Contact selection reduces the balancing test risk. Hooklyne builds packages for identified decision-makers at registered companies with a signal that makes the outreach relevant now - a funding event, a hiring inflection, a regulatory deadline, an expansion announcement. The more relevant the signal, the stronger the legitimate interest, and the easier the balancing test. Sending a relevant message to the right person at the right time is the LIA argument almost running itself.
Opt-out processing is built into the workflow. Suppressions persist across senders and refreshes. Sources are citable per contact. Article 30 record fields are included in the package format. The compliance architecture is the product architecture - not a layer added before going to a regulator.
Simple pricing.
Simple credit system. Every action priced transparently. Switch plans or cancel anytime.
Start
Solo rep. Test and validate your outbound. Self-serve.
Growth
1-2 reps. Full pipeline. Setup call included.
Scale
Small sales team. Volume outbound. Up to 5 reps.
FAQ
Legitimate interest questions, answered.
What is a Legitimate Interest Assessment (LIA)?
An LIA documents your three-part test under GDPR Article 6(1)(f): (1) purpose - what legitimate interest you're pursuing and why it's real; (2) necessity - why processing personal data is needed to achieve it; (3) balancing test - why your interest outweighs the data subject's rights. It should exist before processing starts, be specific to the processing activity, and be stored with your Article 30 records. One page is enough for a standard B2B outreach motion.
Does Hooklyne provide an LIA template?
Yes. Every paid plan includes the LIA template covering standard NL and UK B2B outreach under Article 6(1)(f). It documents the three-part test for outreach to professional roles at legal entities using public-source data. It's a starting point for your DPO or counsel to review against your specific motion.
Can legitimate interest cover all B2B outreach in the EU?
No. Legitimate interest covers the GDPR data processing basis in most EU member states. The ePrivacy layer - which governs the act of sending - varies nationally. Germany requires consent under UWG §7(2) Nr. 3 for most B2B cold email to named individuals regardless of the GDPR basis. Within NL and UK corporate subscribers, legitimate interest is the standard basis for B2B cold outreach.
What happens when a prospect invokes Article 21?
Processing for direct marketing must stop immediately - no exceptions. Stop means durable suppression: across all senders, all sequences, and all future data provider re-imports. Logging a 'do not contact' note in a sequence tool is not sufficient if that note doesn't survive a quarterly data refresh.

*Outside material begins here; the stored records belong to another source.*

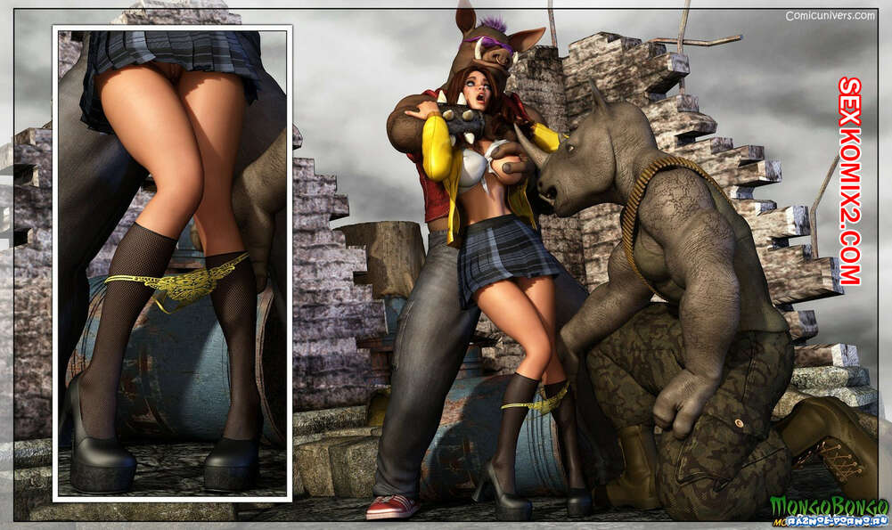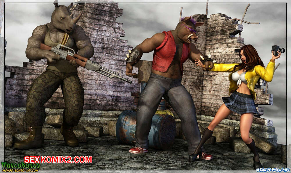 Порно комикс Бибоп и Рокстеди Два огромных монстра напали на горячую красотку брюнетку и решили воспользоваться ее шикарным телом. Они раздели ее и дали ей отсосать свои большие хуи, после чего хорошенько ее выебали и кончили в нее.
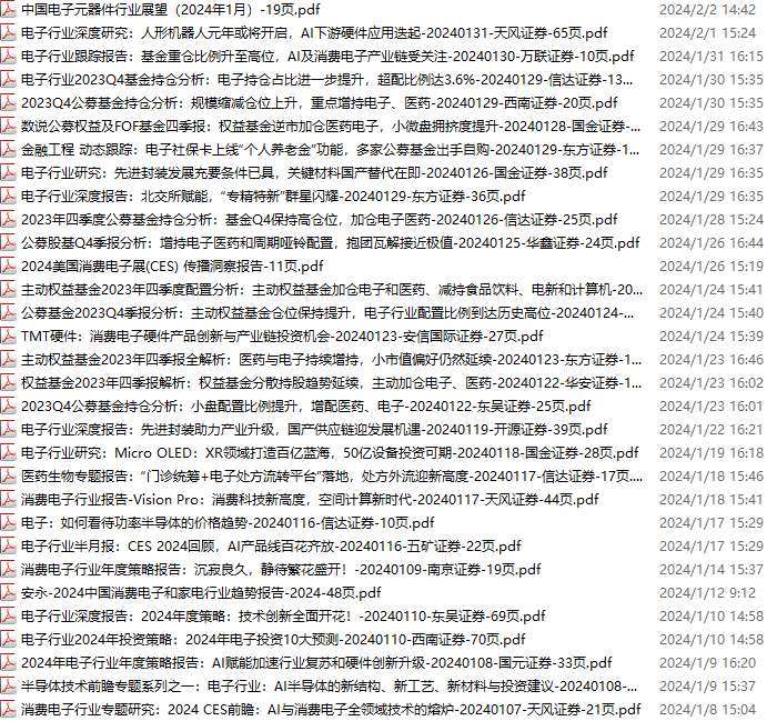电子行业资料包,月度新增31份(2024.1.6-2024.2.3)
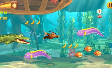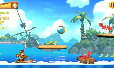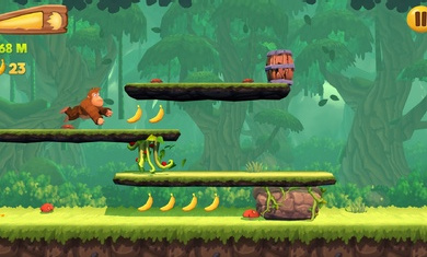 香蕉金刚2是一款经典横版动作跑酷续作,玩家将扮演一只灵活又贪吃的大猩猩香蕉金刚,的丛林、地下洞穴、熔岩地带等多样场景中高速奔跑、跳跃、滑翔,一边躲避香蕉皮大军、鳄鱼、食人鱼、滚石等危险,一边疯狂收集香蕉补充能量,挑战极限距离。
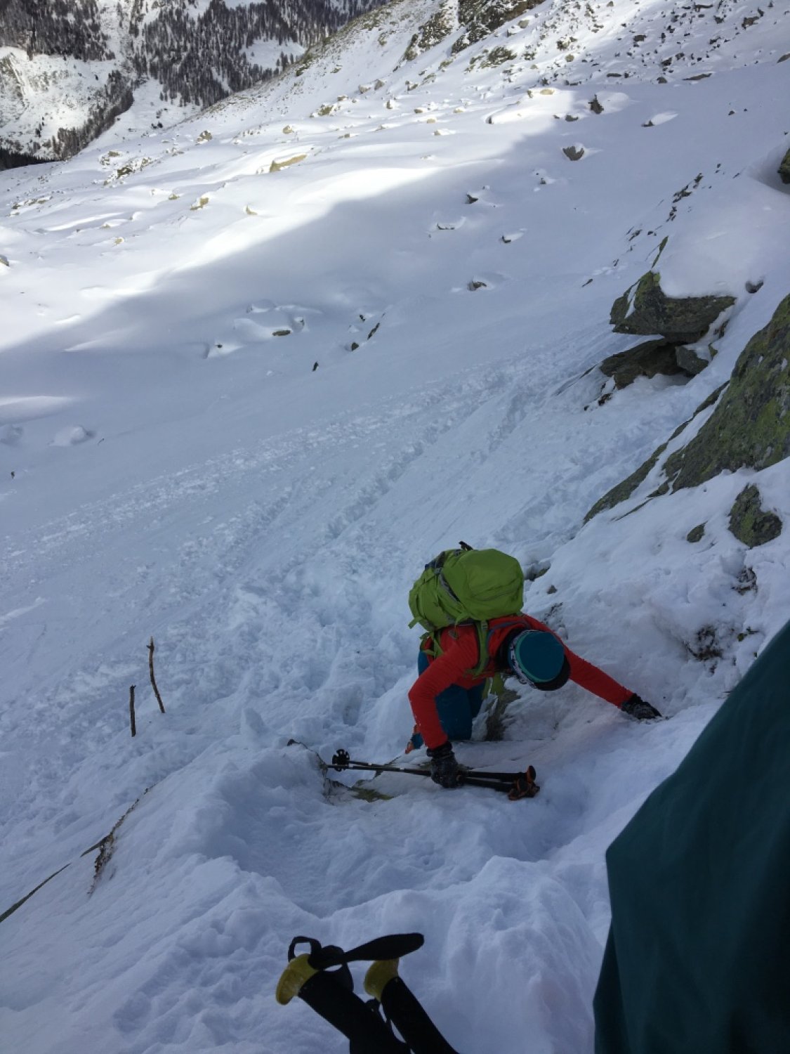 Der Wind der letzten Woche hat gute Arbeit geleistet. Der Grat zum Stockhorn ist zuoberst schneefrei. Bis ca. 40m untern den Gipfel können aber die Skier angelassen werden. Wir haben uns jedoch entscheiden ein Skidepot vor dem flachen Grataufstieg zu machen. Der Rest ist easy auch ohne Skier zu machen, da schon ziemlich wenig Schnee liegt. Auch die Steine oberhalb von Dri Stafle waren zu sehen. Die grossen kann man umfahren, jedoch hat es noch kleine, welche ganz knapp vom Schnee bedeckt waren. Daher war die Abfahrt mehr Skischule mässig: Einer hinter dem anderen und ziemlich in der Linie der Aufstiegsspurt. Im Wald unten wurde es dann besser mit den Steinen, jedoch war da der wenige Schnee schon von den ca. 12 Leuten vor uns verfahren worden.
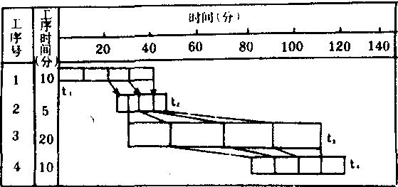 | 释义 | 平行顺序方式劳动对象在工序之间移动和工序之间在时间上衔接的一种时间组织方式,即平行移动方式和顺序移动方式结合起来的生产过程时间组织。零部件在工序之间一部分是单件运输,按顺序方式进行,另一部分则集中起来运输,按平行方式进行。这种方式虽比平行移动方式周期长,但便于把分散的空闲时间集中起来加以利用,而且生产周期化顺序移动方式短。如图示:
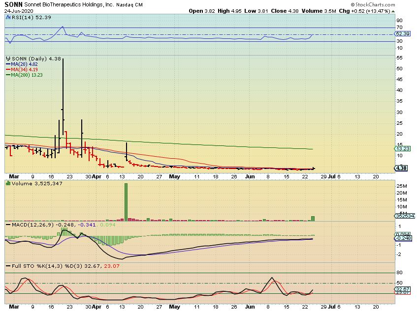 SONN #2 – SONN had some large volume coming in and it popped from the base.  False POP or Pop & run? I read that they have 40 million cash and a promising treatment for Covid / inflammation. It also has 38% short interest, so if good news is released and shorts cover, this could run.
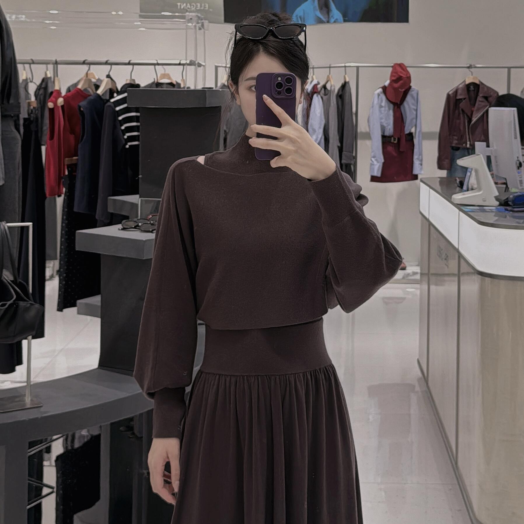 ariosee艾诺丝槿商场同款2025冬季蝙蝠袖两件套针织衫毛衣W167158
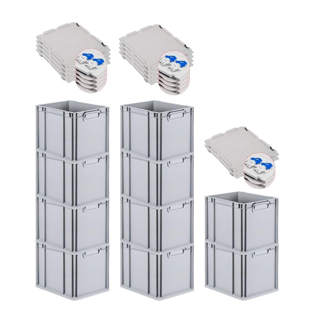 PROREGAL SuperSparSet 10x Eurobox NextGen Economy mit Scharnierdeckel & blauen Verschlüssen, Griffe zu, HxBxT 32x30x40cm, 30L, Eurobehälter, Box
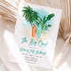 Surf de plage tropical à bord de la grande invitation d'un anniversaire avec palmiers exotiques, illustration d'oiseau de paradis aquarelle et une plage tropicale de destination avec sable et bleu turquoise océan, avec 2 planches de surfs en bois de saumons marron et turquoise avec un script de pinceau cool. Idéal pour l'invitation des enfants du printemps et de l'été
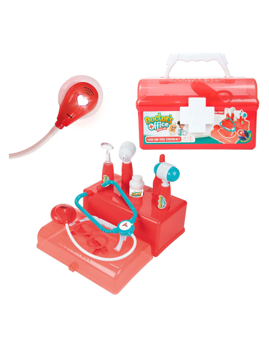 Dokterskoffer Rood met Accessoires 7dlg.
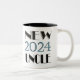 New Uncle 2024 dated mug with black text, great for the new uncle of a baby born in 2024.
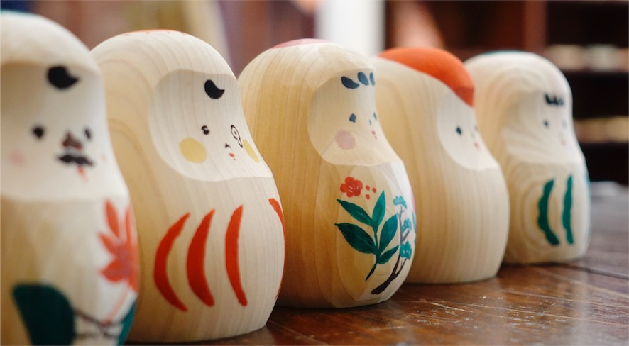 伊豆の間伐材を木地に使い、一つひとつ手作業で削り出し、絵付けされた手のひらサイズの可愛らしいだるまは、伝統的な赤だるまをベースとしつつ、現代的な色使いとやわらかな表情で個性を表現。
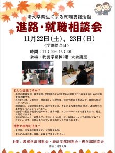 下記のように、学生向け進路・就職相談会を開催します。進路について、その選択肢や全般的な説明、就職については少し具体的な選択方法や就職活動、また活動に関わるスキルなどについて質問を受けるとともに解説します。気軽に皆さんの進路に関わる質問をお持ちください。
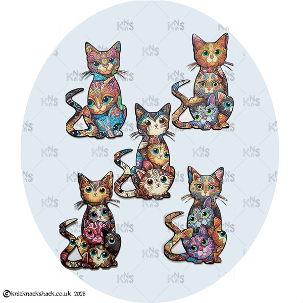 Whisker Wishes – Cat-Shaped Card Set Send a little magic through the mail with this paw-some set of five whimsical cat-shaped cards, each bursting with colour and character. Every set includes:
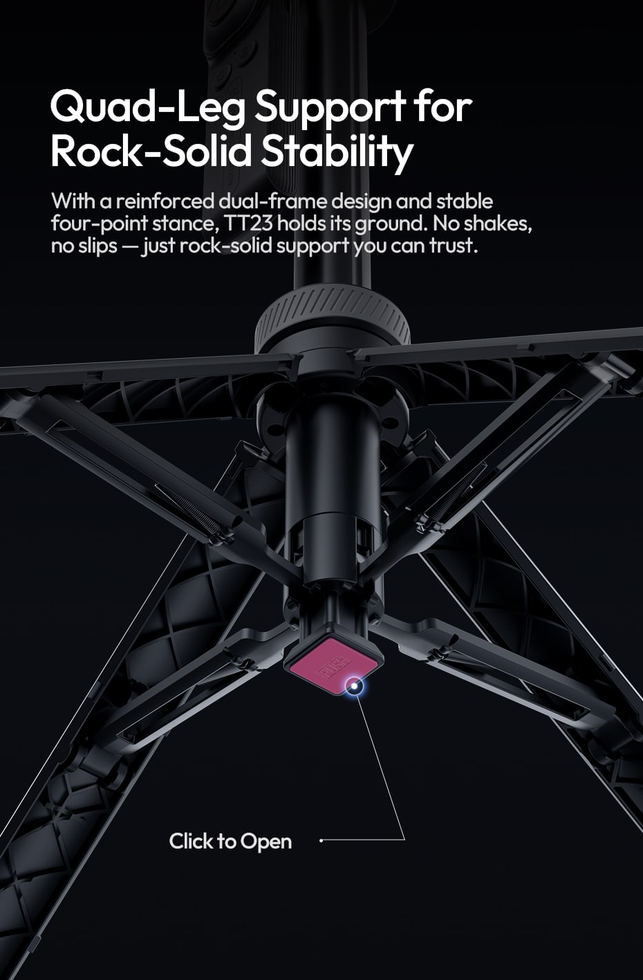 Quad‑Leg Support for Rock‑Solid Stability: Reinforced dual‑frame design with a stable four‑point stance. No shakes, no slips – just reliable support you can trust. Tap the base against the ground to auto‑deploy the legs.
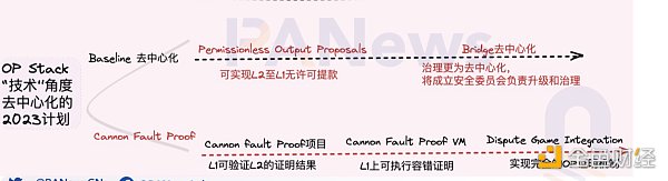 具体可以分为两部分,一部分是被称为“基线”(Baseline)的升级方案,另一部分是Cannon容错证明机制改进路线,两者并行以提升OPStack 的去中心化水平。
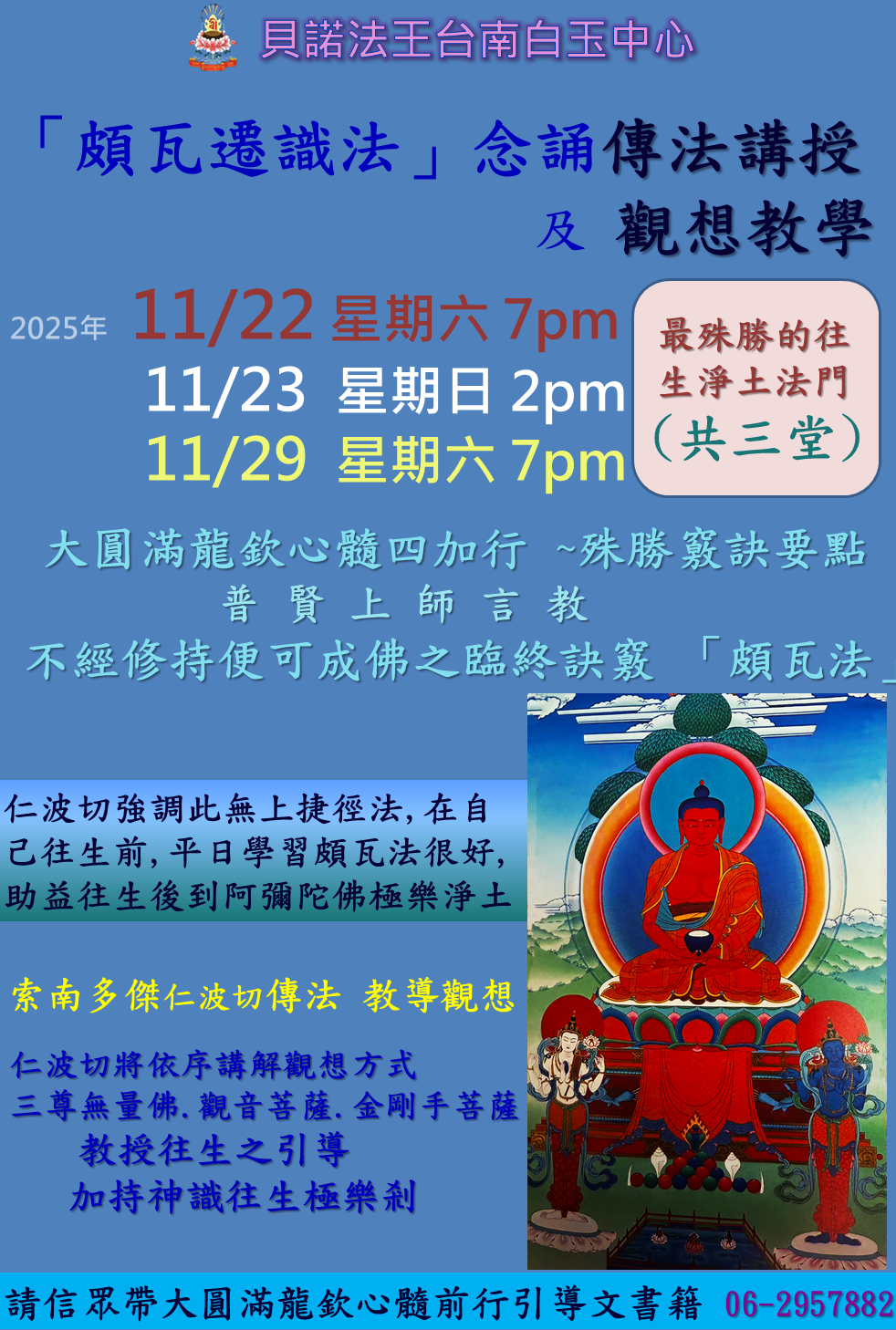 11/22星期六晚上.11/23星期日下午.11/29星期六晚上(三堂) 頗瓦遷識法念誦傳法及觀想教學 , 請信眾帶大圓滿龍欽心髓前行引導文書籍
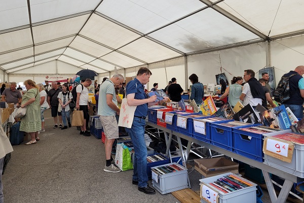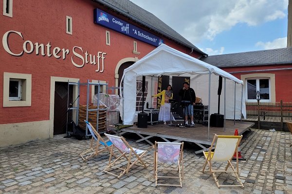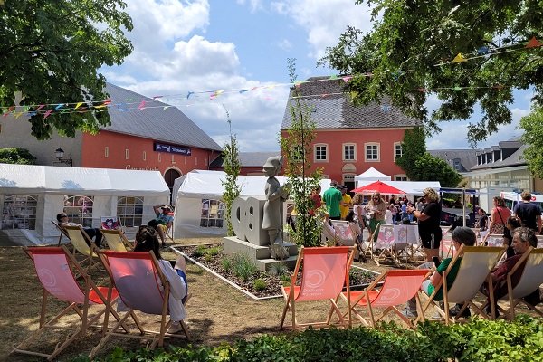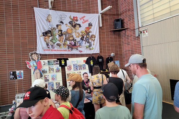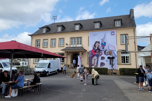 In addition to listening to live music and enjoying some food at one of the many stands scattered around the village, visitors could have their comic books signed by more than 50 comic book writers and illustrators from Luxembourg, the Greater Region and beyond who could be found mainly in the sports hall. A shuttle bus ran regularly between the nearby car park and Sandweiler station and the event itself, which took place mostly outdoors but also in the sports hall and the local church, among other indoor venues.
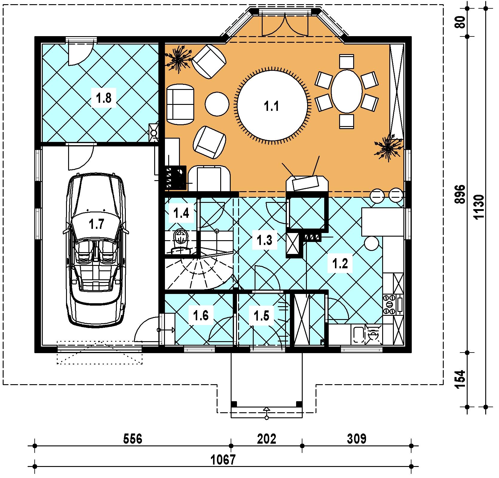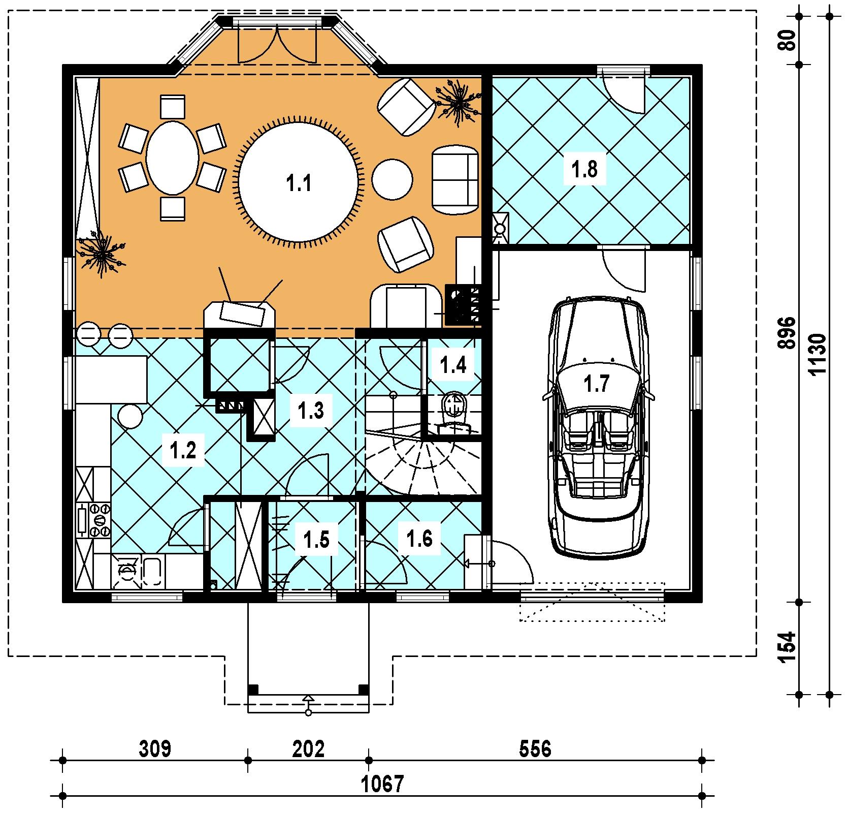 | 1.1 | pokój dzienny | 30.00 m2 | 30.00 m2 |
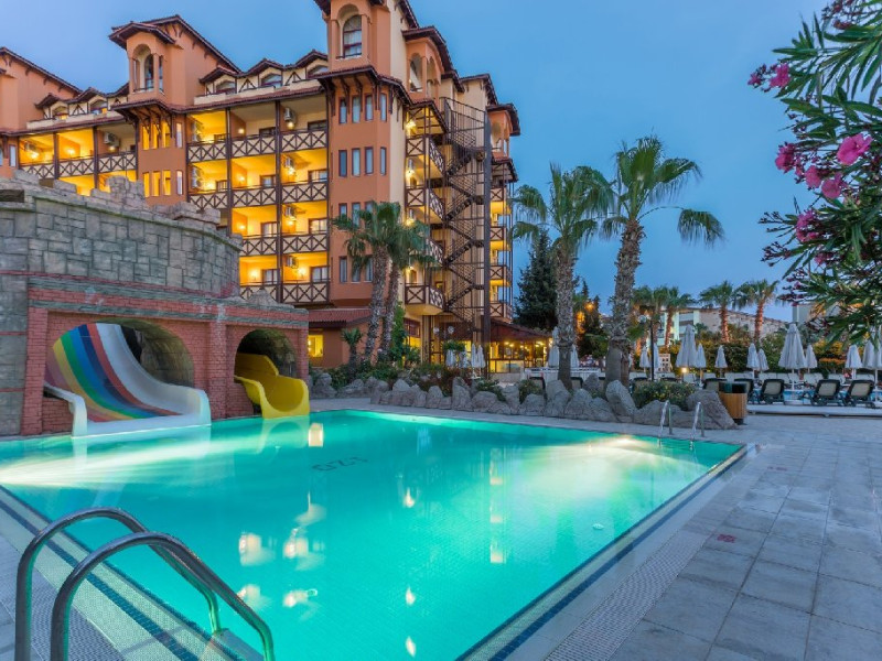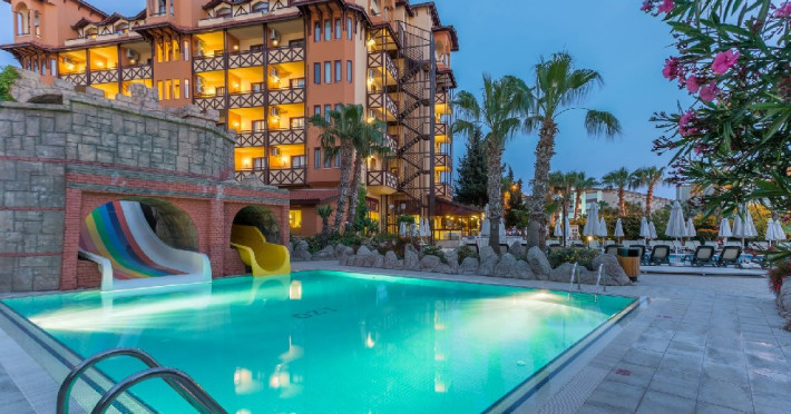 Facilitati hotel: Hotelul ofera oaspetilor sai urmatoarele facilitati: restaurant principal, 3 restaurante a la carte (pescaresc, italian, turcesc), 5 baruri, centru medical, piscina exterioara, piscina cu tobogane pentru adulti si copii, SPA, pisina interioara, sauna, jacuzzi, hammam, miniclub pentru copii, centru fitness, programe de animatie, tenis de masa, sali de conferinta, mini club, piscina interioara si exterioara pentru copii.

How specific does the LIA need to be?
Specific enough that a different processing activity would require a different document. An LIA for outreach to procurement directors at Dutch logistics BVs for a supply chain product doesn't extend to a different sector, geography, role type, or product. When your motion changes meaningfully, rewrite the LIA.
Can I rely on legitimate interest for a list I purchased?
If the list came from a compliant provider with their own Article 6 basis and you can trace the lineage per contact, legitimate interest is available for your use. If the provider can't show when and how each record was collected, the chain of basis is broken - and your LIA won't hold even if it's well-written.
Is this legal advice?
No. This is operator guidance based on GDPR text, EDPB guidance, and published enforcement decisions. Your specific LIA should be reviewed by a DPO or specialist counsel before scaling.
This page is plain-language guidance and not legal advice. Your specific motion should be reviewed by a qualified DPO or specialist counsel before scaling.